SHapley Additive exPlanations (SHAP) values were used to help interpret the results of the ML models. SHAP summary plots of the models for predicting CI were drawn. All plots illustrate the SHAP value changes when the values of a feature increase or decrease, showing the direction and degree of influence on the model’s decision through the SHAP value of each feature [22].


The experimental codes were implemented using Python 3. Feature selection and the standardization of features and ML algorithms (SVM, MLP, AdaBoost, GBDT, and LR) were implemented using the “Scikit-learn library”, and for SHAP using the “shap” library.


Characteristics of the study population

Of the 823 older participants, 72 (8.75%) were assessed as having CI, and 751 (91.25%) were CN according to the MMSE. The differences in sociodemographics, lifestyle characteristics, and health-related parameters between the CN and CI groups are described in Table 1. In terms of demographics, the median age of the CI group (72.5 years) was older than that of the CN group (71 years).
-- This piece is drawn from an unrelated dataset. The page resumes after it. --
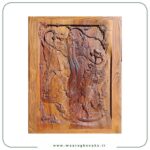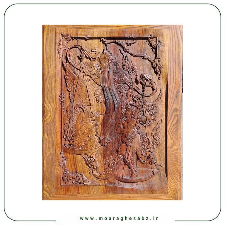 با توجه به ابعاد ۱۰۰ در ۸۰ سانتیمتر و وزن ۱۵ کیلوگرم، این تابلو از چوبی سنگین و متراکم (مانند گردو، راش یا توسکا) ساخته شده و حجم زیادی از آن بهصورت برجسته و سهبعدی منبتکاری شده است. در چنین آثاری، ترازو، پایهها، کفهها و تزئینات اطراف معمولاً با جزئیاتی دقیق، خطوط نرم و منحنیهای متقارن اجرا میشوند که چشم بیننده را جذب و توجه را بر محور مفهوم عدالت متمرکز میکنند.

For lifestyle characteristics, the CN group had a higher proportion of regular exercise. In terms of health-related parameters, the average BMI and the WC of the CI group were lower. In addition, the proportions of unsatisfactory self-assessment of health status, poor self-care ability, positive emotional status screening, abnormal electrocardiogram, anemia, CKD, AD8 scores ≥ 2, and each of eight positive items in the CI group were higher than in the CN group.

Table 1 Characteristics of the subjects in CN and CI groups

Feature importance

According to the results of permutation importance, the top five features with the greatest importance for predicting CI are the sixth item of AD8 (A6), first item of AD8 (A1), platelets, WC, and BMI, followed by carcinoembryonic antigen, age, serum uric acid, WBC, abnormal electrocardiogram, heart rate, and sex (Fig. 2). These features were used as predictive features for subsequent ML.

Fig. 2
figure 2

The permutation importance of selected features

Model performance

Regarding the models’ effectiveness at predicting CI, compared to the baseline, which evaluates CI with an AD8 score of ≥ 2 (AUC = 0.65), all four ML models except the LR showed better performance overall. The MLP showed the highest performance (AUC: 0.83 ± 0.04), followed by AdaBoost (AUC: 0.80 ± 0.04), SVM (AUC: 0.78 ± 0.04), and GBDT (0.76 ± 0.04). Furthermore, the accuracy, sensitivity and specificity of four ML models were higher than the baseline (Table 2), which indicated that these models have a better ability to correctly classify positive and negative samples than the baseline. Figure 3 illustrates the CI predictions for the algorithm at each optimum. The ROC curves for each prediction model are represented by different colored lines. The results of these models trained using non-ensemble strategy were presented in the Supplementary material 1.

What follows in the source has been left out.